Invoca o recorrente que a decisão da entidade administrativa é nula por absoluta omissão de qualquer acto de investigação e instrução.

Ora, tal afirmação não tem qualquer acolhimento com o teor plasmado na decisão sob recurso, na medida em que nesta foram indicados todos os meios de prova nos quais se alicerçou a entidade administrativa para chegar ao apuramento de tais factos.

Dispõe o art. 54.º, n.º 2, do RGCO que: “A autoridade administrativa procederá à sua investigação e instrução, finda a qual arquivará o processo ou aplicará uma coima.”

A investigação do processo contraordenacional visa aquilatar da prática de uma infracção de tal natureza e a autoria da mesma.

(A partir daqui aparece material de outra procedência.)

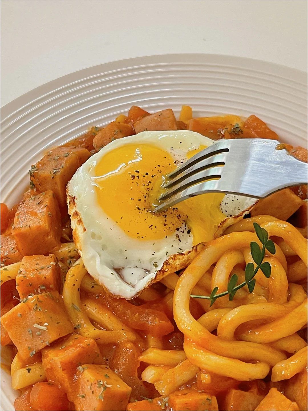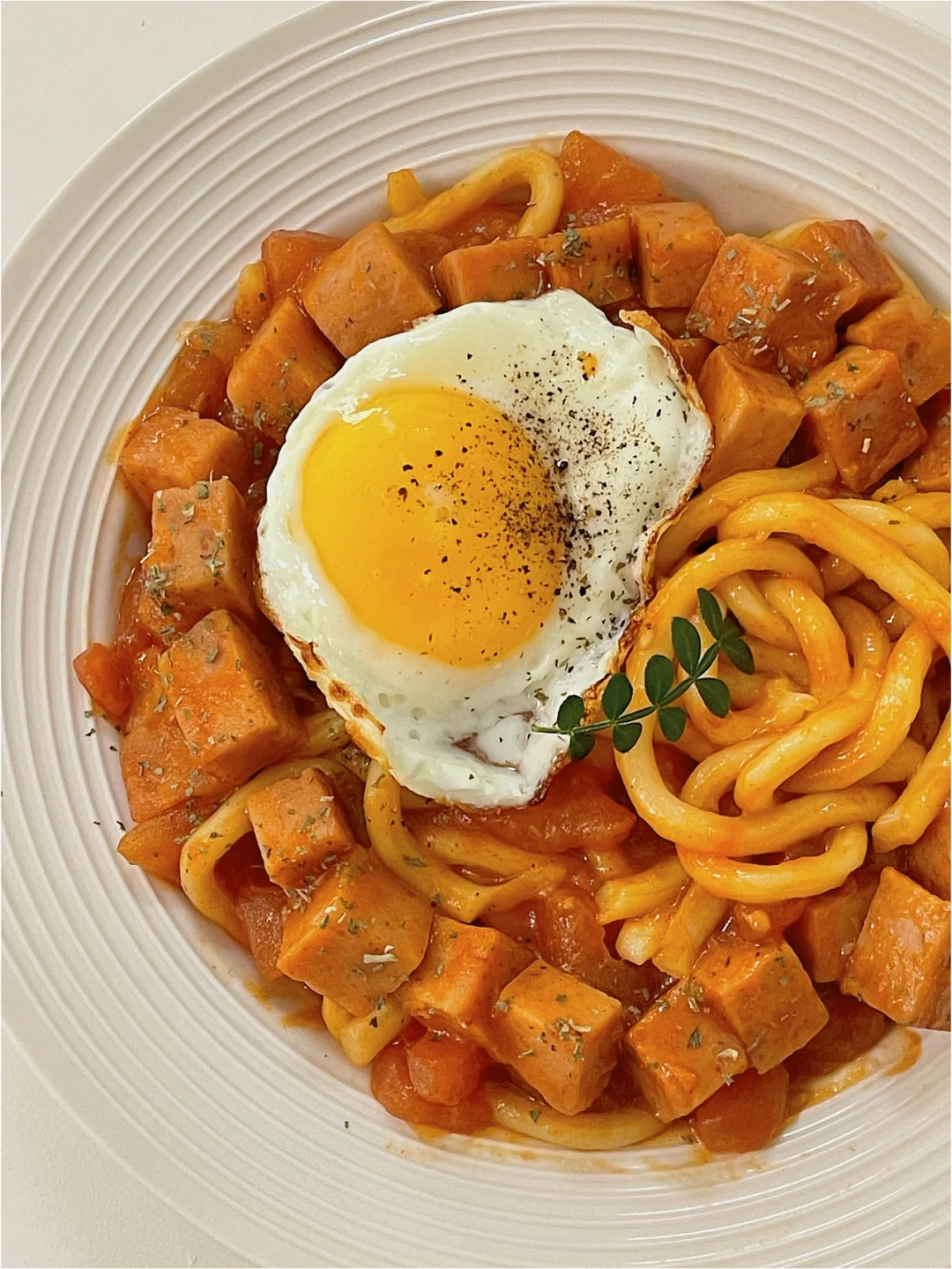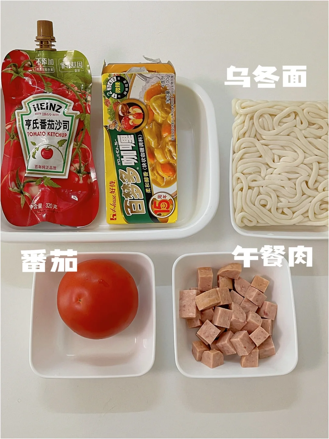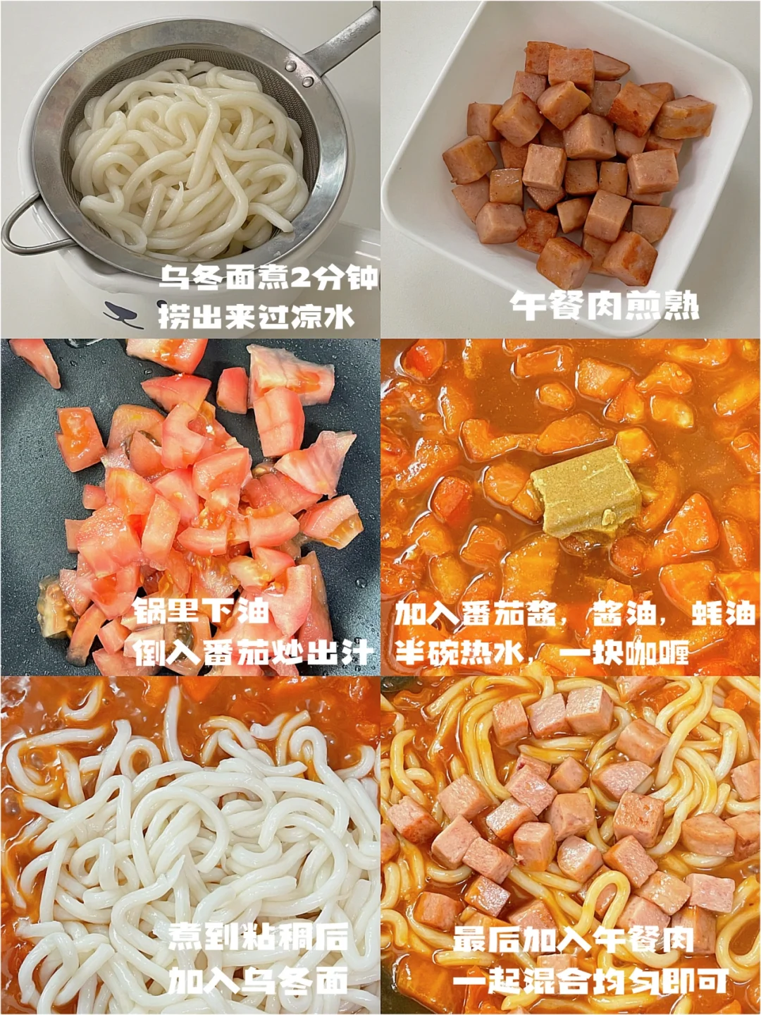 乌冬面这么做我真的可以[哭惹R] 任何一个人没去试一试我都会伤心的💔 原来番茄搭配咖喱这么绝[赞R] 原材料在图三🔍 -午餐肉切粒|番茄|乌冬面|番茄酱|咖喱 详细做法在图四🔍 1️⃣乌冬面煮熟捞出过冷水沥干备用 2️⃣午餐肉切粒,然后倒入锅中煎熟 3️⃣锅里放一点油,番茄切碎炒出汁倒一碗热水 4️⃣煮沸后+一块咖喱,1勺酱油,1勺蚝油 5️⃣倒入乌冬面和午餐肉粒混合均匀煮浓稠即可装盘 真的是超简单的做法,尝口酱汁好吃到原地转圈圈 大家快来get这份美味👍

Compulsados os autos, vislumbra-se que foi elaborado o respectivo auto de contra-ordenação, cfr. fls. 1, junto prova fotográfica a fls. 2, e ainda certificado de verificação do cinemómetro (radar), no qual resulta a sua operacionalidade em conformidade com as regras legais em vigor.

Foi cumprido o disposto no art. art.171.º, n.º 5, do Código da Estrada (actual art.171.º, n.º 6, do Código da Estrada) para apuramento da autoria da contra-ordenação em apreço.

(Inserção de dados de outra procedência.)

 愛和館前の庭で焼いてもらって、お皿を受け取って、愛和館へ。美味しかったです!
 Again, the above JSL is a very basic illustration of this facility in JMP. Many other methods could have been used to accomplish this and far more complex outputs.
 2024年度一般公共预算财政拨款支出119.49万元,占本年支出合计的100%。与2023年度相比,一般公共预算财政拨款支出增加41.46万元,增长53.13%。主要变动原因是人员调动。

Notificado, nos termos do art. 50.º, do RGCO, o arguido procedeu ao pagamento da coima.

Razão pela qual, presidindo a entidade administrativa à investigação e instrução cabe-lhe a ela praticar os actos que se proponha para atingir as finalidades daquela fase processual, o que manifestamente se tem por observado.

Em face do exposto, indefere-se a suscitada nulidade invocada que não se tem por verificada.

*

b) Nulidade por omissão de factos que sustentem o elemento subjectivo da infracção

Alega o recorrente que a decisão de contra-ordenação é nula por omissão de factos que sustentem o elemento subjectivo.

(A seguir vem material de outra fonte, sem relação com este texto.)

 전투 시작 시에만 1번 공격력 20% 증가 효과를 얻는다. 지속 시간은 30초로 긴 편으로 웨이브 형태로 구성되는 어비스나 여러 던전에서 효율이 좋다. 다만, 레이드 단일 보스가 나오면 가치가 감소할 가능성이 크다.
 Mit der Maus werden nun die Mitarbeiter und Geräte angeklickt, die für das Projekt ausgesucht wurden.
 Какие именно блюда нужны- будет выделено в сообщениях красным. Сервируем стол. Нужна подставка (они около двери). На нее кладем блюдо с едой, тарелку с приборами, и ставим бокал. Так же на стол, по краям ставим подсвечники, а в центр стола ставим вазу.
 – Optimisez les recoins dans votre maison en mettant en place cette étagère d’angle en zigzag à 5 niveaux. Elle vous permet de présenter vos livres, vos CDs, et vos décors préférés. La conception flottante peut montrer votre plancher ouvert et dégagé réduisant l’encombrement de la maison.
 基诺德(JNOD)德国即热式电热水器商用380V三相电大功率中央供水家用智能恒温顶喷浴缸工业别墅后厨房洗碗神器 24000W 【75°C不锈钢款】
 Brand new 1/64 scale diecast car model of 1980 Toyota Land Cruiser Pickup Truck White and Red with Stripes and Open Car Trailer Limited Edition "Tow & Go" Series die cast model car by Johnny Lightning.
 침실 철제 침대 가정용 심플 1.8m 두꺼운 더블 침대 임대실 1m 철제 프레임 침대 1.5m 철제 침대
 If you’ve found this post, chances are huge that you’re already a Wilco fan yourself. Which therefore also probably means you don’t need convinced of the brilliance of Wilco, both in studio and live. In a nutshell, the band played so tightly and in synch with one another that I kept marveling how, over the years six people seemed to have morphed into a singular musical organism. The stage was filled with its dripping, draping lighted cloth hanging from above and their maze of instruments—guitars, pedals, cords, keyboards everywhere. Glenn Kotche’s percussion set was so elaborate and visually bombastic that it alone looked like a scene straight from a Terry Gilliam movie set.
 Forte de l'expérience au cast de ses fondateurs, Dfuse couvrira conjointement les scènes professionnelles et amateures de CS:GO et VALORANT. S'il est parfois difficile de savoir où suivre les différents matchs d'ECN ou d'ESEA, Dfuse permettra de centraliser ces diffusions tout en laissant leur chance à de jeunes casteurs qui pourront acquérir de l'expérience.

Dispõe o art. 58.º do RGCO., na parte que releva para a presente apreciação, o seguinte:

“1 – A decisão que aplica a coima ou as sanções acessórias deve conter:

a) A identificação dos arguidos;

b) A descrição dos factos imputados, com indicação das provas obtidas;

c) A indicação das normas segundo as quais se pune e a fundamentação da decisão;”

Por “descrição dos factos imputados” deve entender-se não só os factos objectivos típicos, mas também os factos internos ou subjectivos, que permitirão a subsunção a um dos títulos possíveis de imputação subjectiva, seja doloso ou negligente. Para além destes factos típicos, a decisão deve ainda conter os demais factos necessários para estabelecer o grau de participação do arguido, bem como todas as circunstâncias factuais relevantes para a determinação da sanção, em caso de decisão condenatória.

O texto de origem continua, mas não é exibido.